Activity: An exact copy of the data is required; the images should not appear in it.

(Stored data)
****

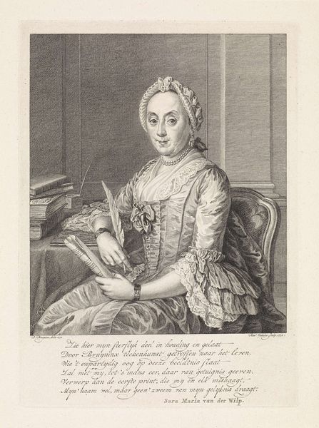 Curator: I'm drawn to the directness in this piece; it's so elegantly composed. Reinier Vinkeles crafted this engraving, a portrait of Lucretia Wilhelmina van Merken, in 1792. Editor: It's an intriguing portrait, no doubt. There's a quiet intensity about it that I wasn't expecting. I see a mind at work here, doesn’t it strike you as remarkably astute? Curator: Absolutely, and I think the neoclassicist style really enhances that sense of poised intelligence. Note how the light catches the paper she's writing on, the very symbol of her work as a poet and playwright. Vinkeles is spotlighting not just her likeness, but her intellectual engagement. Editor: You can clearly see the fine line work. Vinkeles’ mastery really stands out when you look at the delicate details of her lace cap, and then compare it with the heavier rendering used for the curtain in the background, giving such an elegant sense of depth. It really emphasizes the contrast between background and subject. Curator: I agree completely. It is all beautifully rendered, that intricate line work really elevates this piece, imbuing it with such character. One can’t help but wonder about the historical context of powerful, intellectual women claiming space in what had long been male-dominated disciplines. It’s a story about taking center stage! Editor: True. It’s a moment captured; an author in her study, a gentle strength radiates outward—the soft curve of her hands, the set of her gaze... she knows her worth, doesn’t she? I do wonder about the dynamic between Vinkeles, the artist, and van Merken, the subject, as both must have needed the other to fully solidify their reputation. Curator: Yes! An intriguing dialogue is set up within this piece and one we still seem to be debating over 200 years later! Editor: And that's what keeps it alive for each new pair of eyes, isn’t it? What stories we choose to tell ourselves about this quiet moment.
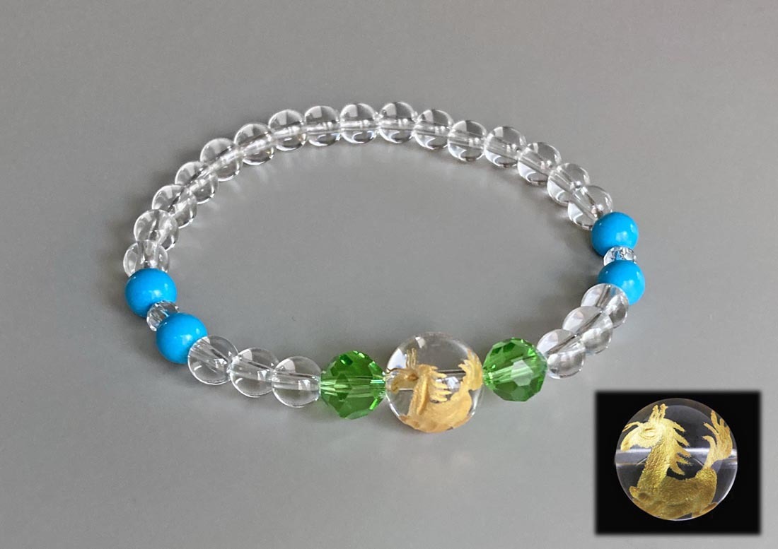 水晶パワー『黄金の左馬』 開運・縁起ブレスレット18cm
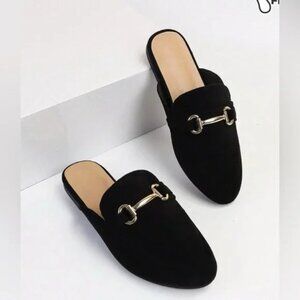 SHEIN Women Wide Fit Metal Decor Flat Mules - 9
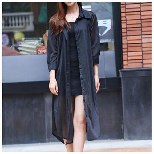 여성오버핏롱셔츠 블라우스 와이셔츠 쉬폰 소재 오버핏 롱셔츠 사무실 직장 하객룩
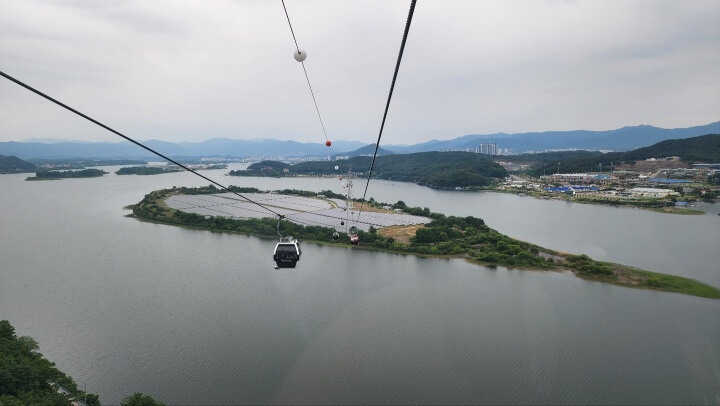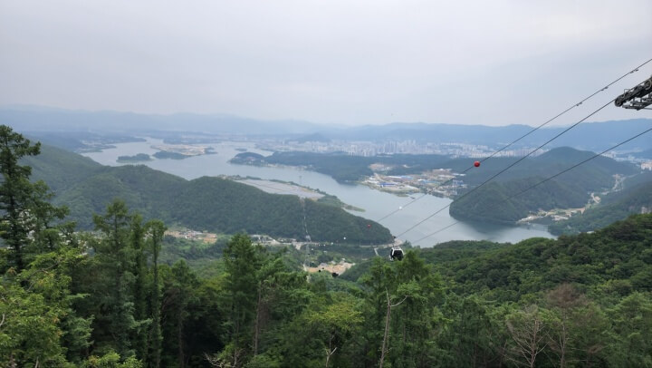 삼악산 정차장 위에서 내려다본 모습입니다. 이날 비가 오늘 날씨라 조금 흐렸습니다. 비가 안 왔으면 더 좋았을 텐데 조금 아쉬웠습니다. 날씨 좋은 날은 춘천 시내가 모두 보일 것 같더라고요.
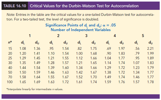 The Durbin-Watson test statistic ranges in value from zero to four, with a value of two indicating no autocorrelation is present. Durbin and Watson developed tables that can be used to determine when their test statistic indicates the presence of autocorrelation. Table 16.10 shows lower and upper bounds (dL and d∪) for hypothesis tests using a = .05; n denotes the number of observations. The null hypothesis to be tested is always that there is no autocorrelation.
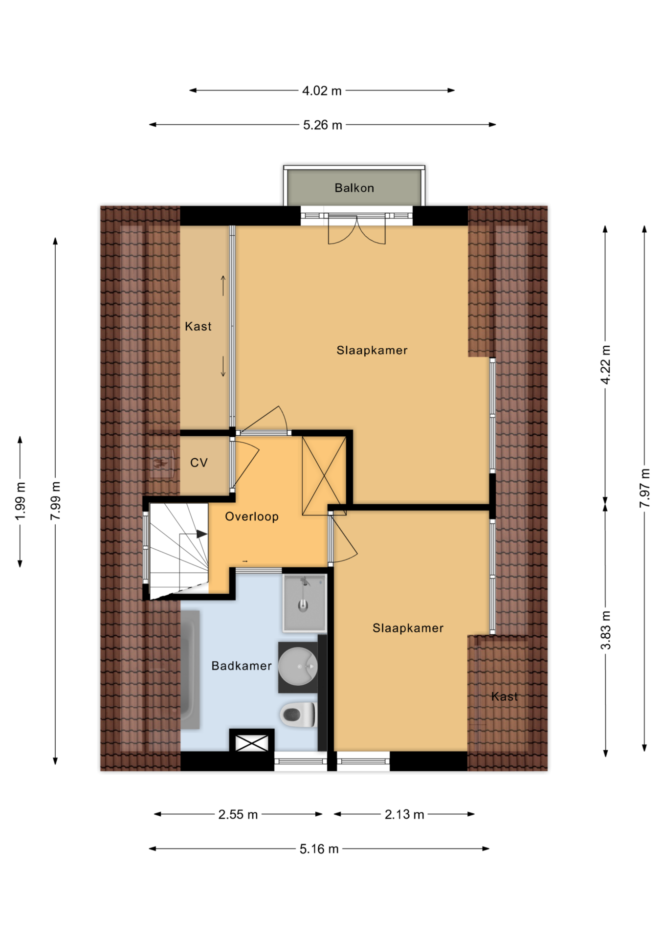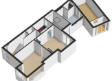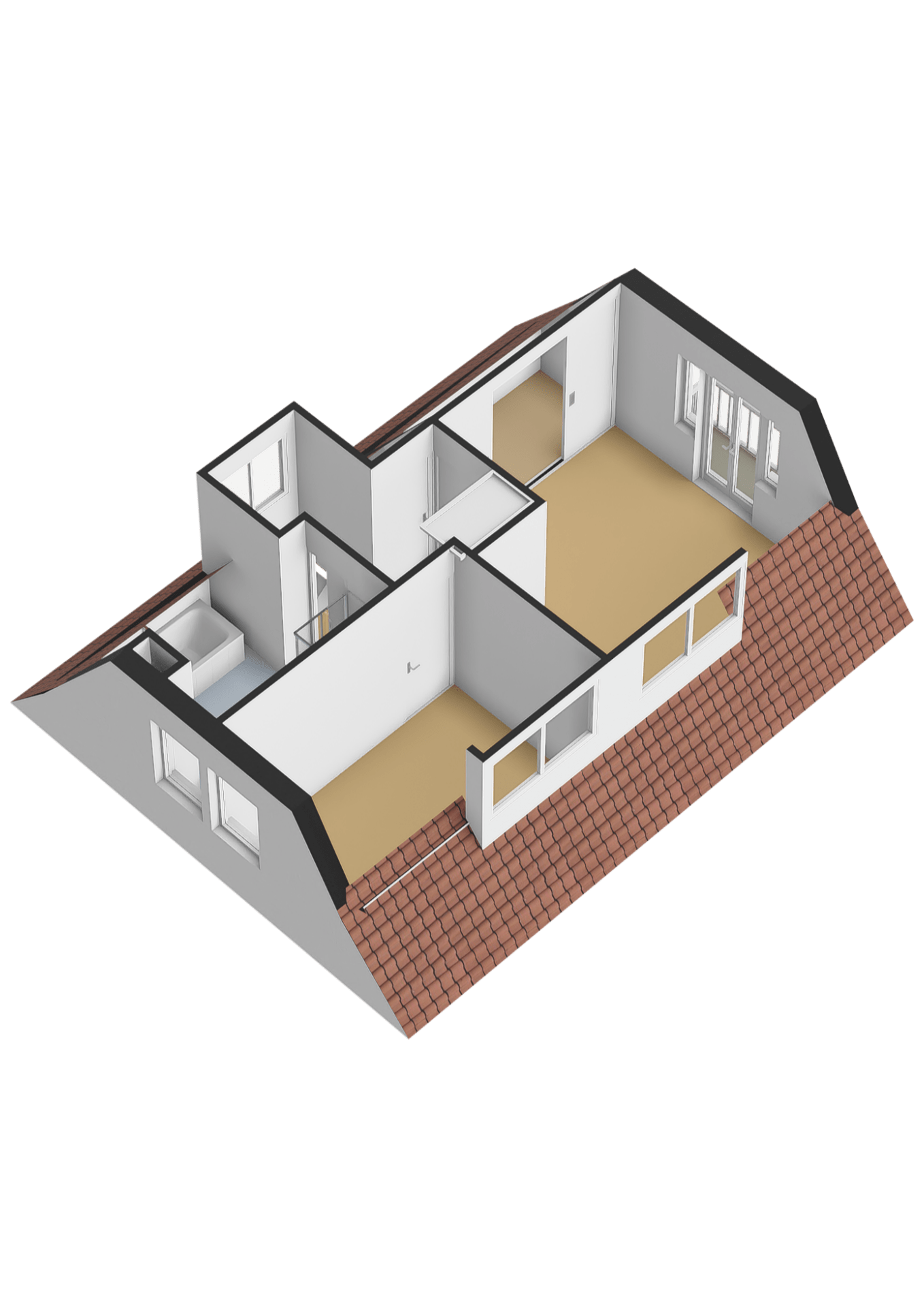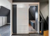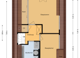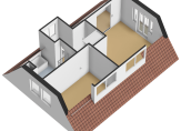 De tweede verdieping is bereikbaar middels een vrij steile trap en biedt voldoende ruimte voor een extra (slaap)kamer en een heleboel bergruimte.
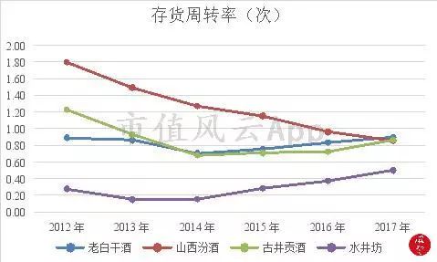 老白干酒近6年来的存货周转率分别为0.89次、0.86次、0.70次、0.75次、0.83次和0.89次,总体上相对平稳,变化不大,在同行业中处于居中水平,特别是2017年,与同行业其他公司的差距越来越小。
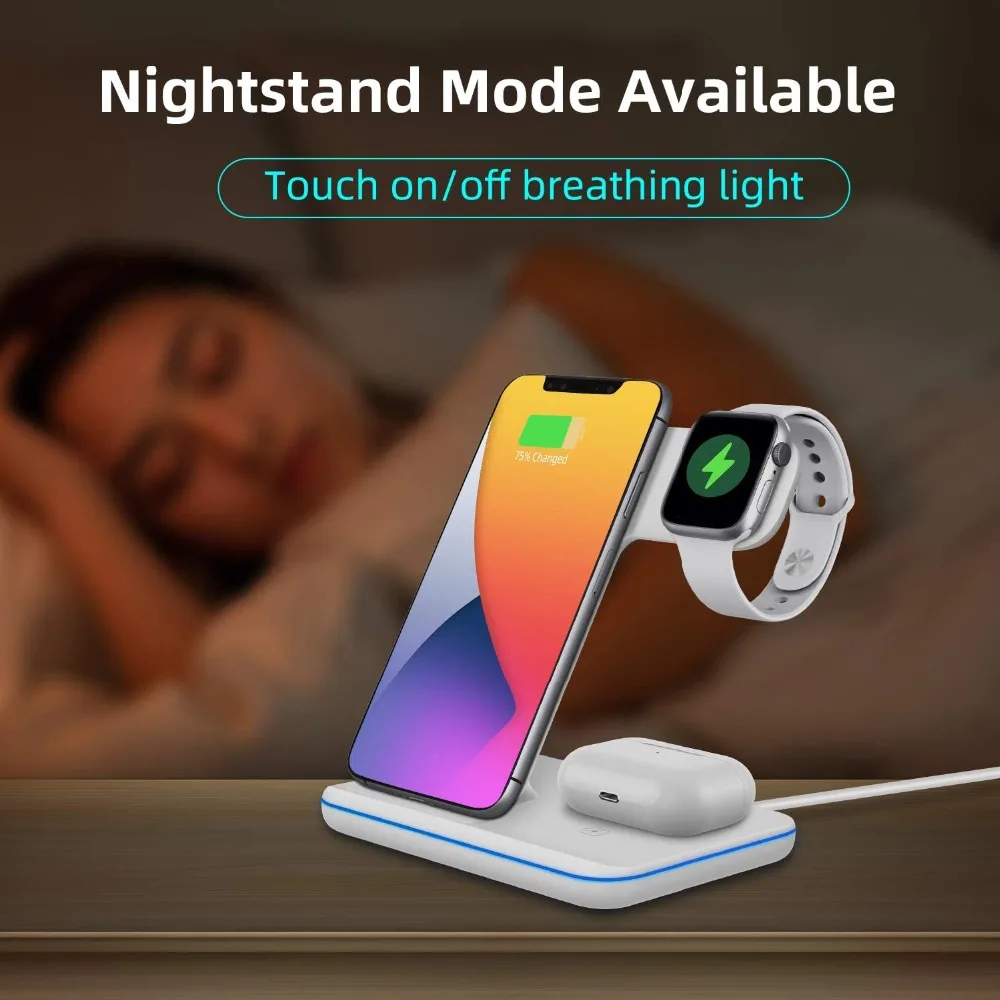 Беспроводное зарядное устройство 3 в 1 Qi для iWatch 7 6 5 4 AirPod...
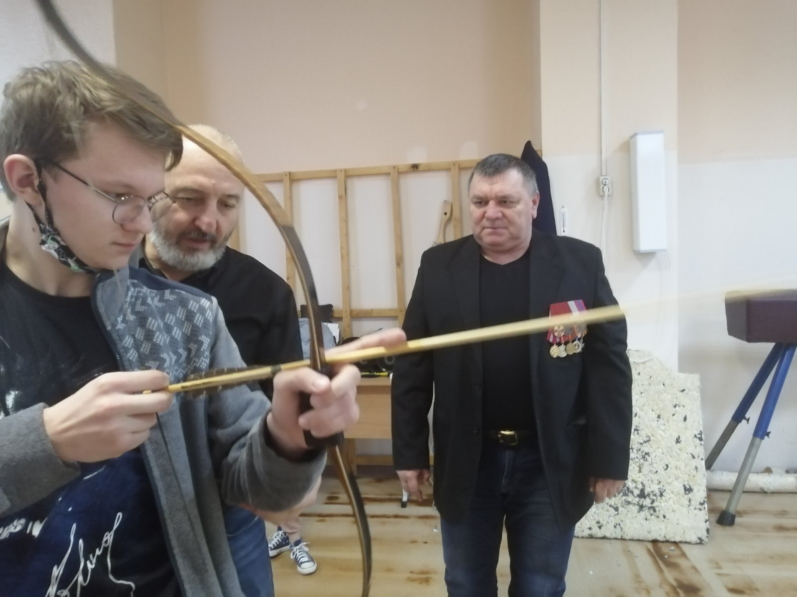 Мастер-класс: «Стрельба из лука». Вначале, инструктаж по технике безопасности, рассказ о строение лука, о его особенностях стрельбы, правильная постановка корпуса, рук, натяжение тетивы, направление стрелы и т.д, и только после этого предлагается выстрелить из лука под чутким вниманием В.В.Демидова и А.В.Кропачева.
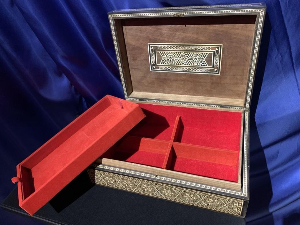 Sie erhalten die Schatulle samt Einsatz (natürlich ohne Requisiten).
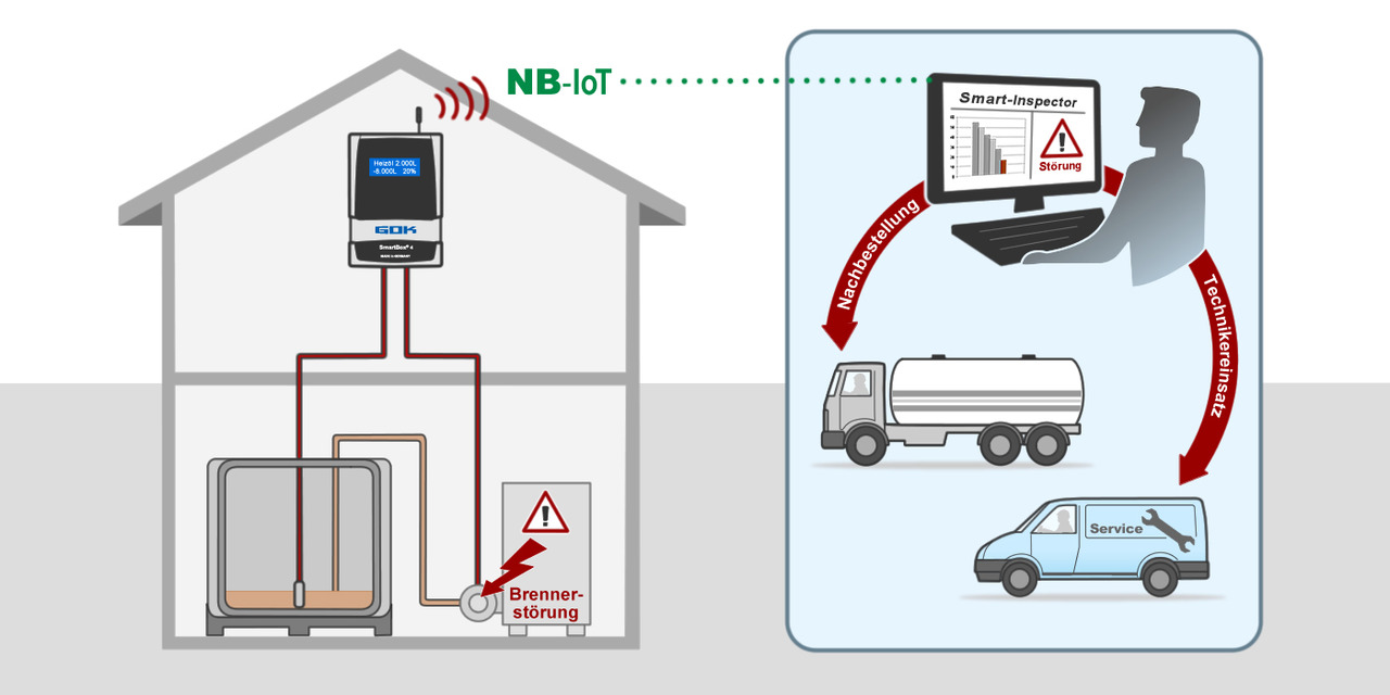 Das integrierte Modem übermittelt weltweit über den Funkstandard NB-IoT Tankinformationen, wie Füllstände und kritische Zustände (Minimalfüllstand, Anlagenstörung z. B. Brennerstörung, Leckagemeldung etc.).
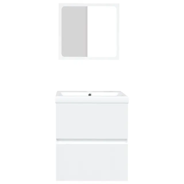 vidaXL Kopalniška omarica z umivalnikom in ogledalom bela
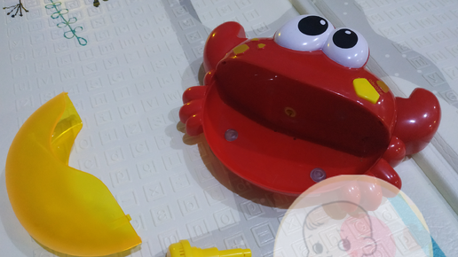 На первый день рождения ребёнка, нам подарили много игрушек для ванной, среди них был краб на присосках. И оказался он генератором пены. Я такое видела впервые, как то не изучала рынок игрушек для купания. Когда малыш хотя бы сидит, данная игрушка ему будет интересна. Это что-то китайское, потому что инструкции на русском не было, но была на английском, поэтому мы разобрались как с ним себя вести. Работает он от двух пальчиковых батареек, отсек завинчивается шурупчиками. Я конечно не знаю опасны...
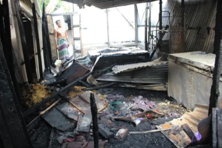 লিমন মহম্মদপুর (মাগুরা) প্রতিনিধিঃ মাগুরার মহম্মদপুরে গভীর রাতে কাঠ ব্যবসায়ীর বাড়িতে ইসলাম মোল্যার বাড়িতে আগুনে পুড়ে সর্বশান্ত হয়েছে। এ ঘটনায় ক্ষতি হয়েছে দশ লাখের উপরে। ইসলাম মোল্যা উপজেলার পলাশবাড়িয়া ইউনিয়নের মহেশপুর উত্তরপাড়ার মৃত কালু মোল্যার ছেলে। শুক্রবার দিবাগত রাত দেড়টার দিকে এ ঘটনা ঘটে। পরিবার ও স্থানীয়রা জানান, শুক্রবার গভীর রাতে পরিবারের সবাই যখন ঘরে ঘুমিয়ে ছিলেন। হঠাৎ চারদিকে আগুন দেখতে পেয়ে সবাইকে নিয়ে দ্রুত ঘরের বাইরে আসে। ইসলাম মোল্যা ও তার পরিবারের সদস্যদের চিৎকার দিলে স্থানীয় লোকজন ছুটে এসে আগুন নিয়ন্ত্রণে নেওয়ার চেষ্টা করেও কাজ হয়নি। এর মধ্যে কাঠ ব্যবসায়ী ইসলাম মোল্যার সব কিছু, বসবাসের ঘর, রান্না ঘর সহ ঘরে থাকা নগদ অর্থ, স্বর্ণালংকার সহ যাবতীয় আসবাবপত্র পুড়ে ভস্মীভূত হয়ে যায়। তবে কেউ আগুনের সুত্রপাত সম্পর্কে বিস্তারিত জানাতে পারে নাই। অনেকের ধারনা বৈদ্যুতিক শর্ট-সার্কিট অথবা কেউ শত্রুতা করে আগুন লাগিয়ে দিতে পারে। সরেজমিন, আগুনে পুড়ে সর্বস্ব হারিয়ে ইসলাম মোল্যা ও তার পরিবার বর্তমানে খোলা আকাশের নিচে আশ্রয় নিয়েছে। মহম্মদপুর উপজেলা নির্বাহী অফিসার শাহীনুর আক্তার বলেন, আগুনে ক্ষতিগ্রস্ত পরিবারের পক্ষ থেকে কোন আবেদন এখনো পায়নি। যদি আবেদন করে, তাহলে উপজেলা প্রশাসনের পক্ষ থেকে দ্রুতই সহযোগিতা করা হবে।

****

Problem solution:
 Curator: I'm drawn to the directness in this piece; it's so elegantly composed. Reinier Vinkeles crafted this engraving, a portrait of Lucretia Wilhelmina van Merken, in 1792. Editor: It's an intriguing portrait, no doubt. There's a quiet intensity about it that I wasn't expecting. I see a mind at work here, doesn’t it strike you as remarkably astute? Curator: Absolutely, and I think the neoclassicist style really enhances that sense of poised intelligence. Note how the light catches the paper she's writing on, the very symbol of her work as a poet and playwright. Vinkeles is spotlighting not just her likeness, but her intellectual engagement. Editor: You can clearly see the fine line work. Vinkeles’ mastery really stands out when you look at the delicate details of her lace cap, and then compare it with the heavier rendering used for the curtain in the background, giving such an elegant sense of depth. It really emphasizes the contrast between background and subject. Curator: I agree completely. It is all beautifully rendered, that intricate line work really elevates this piece, imbuing it with such character. One can’t help but wonder about the historical context of powerful, intellectual women claiming space in what had long been male-dominated disciplines. It’s a story about taking center stage! Editor: True. It’s a moment captured; an author in her study, a gentle strength radiates outward—the soft curve of her hands, the set of her gaze... she knows her worth, doesn’t she? I do wonder about the dynamic between Vinkeles, the artist, and van Merken, the subject, as both must have needed the other to fully solidify their reputation. Curator: Yes! An intriguing dialogue is set up within this piece and one we still seem to be debating over 200 years later! Editor: And that's what keeps it alive for each new pair of eyes, isn’t it? What stories we choose to tell ourselves about this quiet moment.
 水晶パワー『黄金の左馬』 開運・縁起ブレスレット18cm
 SHEIN Women Wide Fit Metal Decor Flat Mules - 9
 여성오버핏롱셔츠 블라우스 와이셔츠 쉬폰 소재 오버핏 롱셔츠 사무실 직장 하객룩
 삼악산 정차장 위에서 내려다본 모습입니다. 이날 비가 오늘 날씨라 조금 흐렸습니다. 비가 안 왔으면 더 좋았을 텐데 조금 아쉬웠습니다. 날씨 좋은 날은 춘천 시내가 모두 보일 것 같더라고요.
 The Durbin-Watson test statistic ranges in value from zero to four, with a value of two indicating no autocorrelation is present. Durbin and Watson developed tables that can be used to determine when their test statistic indicates the presence of autocorrelation. Table 16.10 shows lower and upper bounds (dL and d∪) for hypothesis tests using a = .05; n denotes the number of observations. The null hypothesis to be tested is always that there is no autocorrelation.
 De tweede verdieping is bereikbaar middels een vrij steile trap en biedt voldoende ruimte voor een extra (slaap)kamer en een heleboel bergruimte.
 老白干酒近6年来的存货周转率分别为0.89次、0.86次、0.70次、0.75次、0.83次和0.89次,总体上相对平稳,变化不大,在同行业中处于居中水平,特别是2017年,与同行业其他公司的差距越来越小。
 Беспроводное зарядное устройство 3 в 1 Qi для iWatch 7 6 5 4 AirPod...
 Мастер-класс: «Стрельба из лука». Вначале, инструктаж по технике безопасности, рассказ о строение лука, о его особенностях стрельбы, правильная постановка корпуса, рук, натяжение тетивы, направление стрелы и т.д, и только после этого предлагается выстрелить из лука под чутким вниманием В.В.Демидова и А.В.Кропачева.
 Sie erhalten die Schatulle samt Einsatz (natürlich ohne Requisiten).
 Das integrierte Modem übermittelt weltweit über den Funkstandard NB-IoT Tankinformationen, wie Füllstände und kritische Zustände (Minimalfüllstand, Anlagenstörung z. B. Brennerstörung, Leckagemeldung etc.).
 vidaXL Kopalniška omarica z umivalnikom in ogledalom bela
 На первый день рождения ребёнка, нам подарили много игрушек для ванной, среди них был краб на присосках. И оказался он генератором пены. Я такое видела впервые, как то не изучала рынок игрушек для купания. Когда малыш хотя бы сидит, данная игрушка ему будет интересна. Это что-то китайское, потому что инструкции на русском не было, но была на английском, поэтому мы разобрались как с ним себя вести. Работает он от двух пальчиковых батареек, отсек завинчивается шурупчиками. Я конечно не знаю опасны...
 লিমন মহম্মদপুর (মাগুরা) প্রতিনিধিঃ মাগুরার মহম্মদপুরে গভীর রাতে কাঠ ব্যবসায়ীর বাড়িতে ইসলাম মোল্যার বাড়িতে আগুনে পুড়ে সর্বশান্ত হয়েছে। এ ঘটনায় ক্ষতি হয়েছে দশ লাখের উপরে। ইসলাম মোল্যা উপজেলার পলাশবাড়িয়া ইউনিয়নের মহেশপুর উত্তরপাড়ার মৃত কালু মোল্যার ছেলে। শুক্রবার দিবাগত রাত দেড়টার দিকে এ ঘটনা ঘটে। পরিবার ও স্থানীয়রা জানান, শুক্রবার গভীর রাতে পরিবারের সবাই যখন ঘরে ঘুমিয়ে ছিলেন। হঠাৎ চারদিকে আগুন দেখতে পেয়ে সবাইকে নিয়ে দ্রুত ঘরের বাইরে আসে। ইসলাম মোল্যা ও তার পরিবারের সদস্যদের চিৎকার দিলে স্থানীয় লোকজন ছুটে এসে আগুন নিয়ন্ত্রণে নেওয়ার চেষ্টা করেও কাজ হয়নি। এর মধ্যে কাঠ ব্যবসায়ী ইসলাম মোল্যার সব কিছু, বসবাসের ঘর, রান্না ঘর সহ ঘরে থাকা নগদ অর্থ, স্বর্ণালংকার সহ যাবতীয় আসবাবপত্র পুড়ে ভস্মীভূত হয়ে যায়। তবে কেউ আগুনের সুত্রপাত সম্পর্কে বিস্তারিত জানাতে পারে নাই। অনেকের ধারনা বৈদ্যুতিক শর্ট-সার্কিট অথবা কেউ শত্রুতা করে আগুন লাগিয়ে দিতে পারে। সরেজমিন, আগুনে পুড়ে সর্বস্ব হারিয়ে ইসলাম মোল্যা ও তার পরিবার বর্তমানে খোলা আকাশের নিচে আশ্রয় নিয়েছে। মহম্মদপুর উপজেলা নির্বাহী অফিসার শাহীনুর আক্তার বলেন, আগুনে ক্ষতিগ্রস্ত পরিবারের পক্ষ থেকে কোন আবেদন এখনো পায়নি। যদি আবেদন করে, তাহলে উপজেলা প্রশাসনের পক্ষ থেকে দ্রুতই সহযোগিতা করা হবে।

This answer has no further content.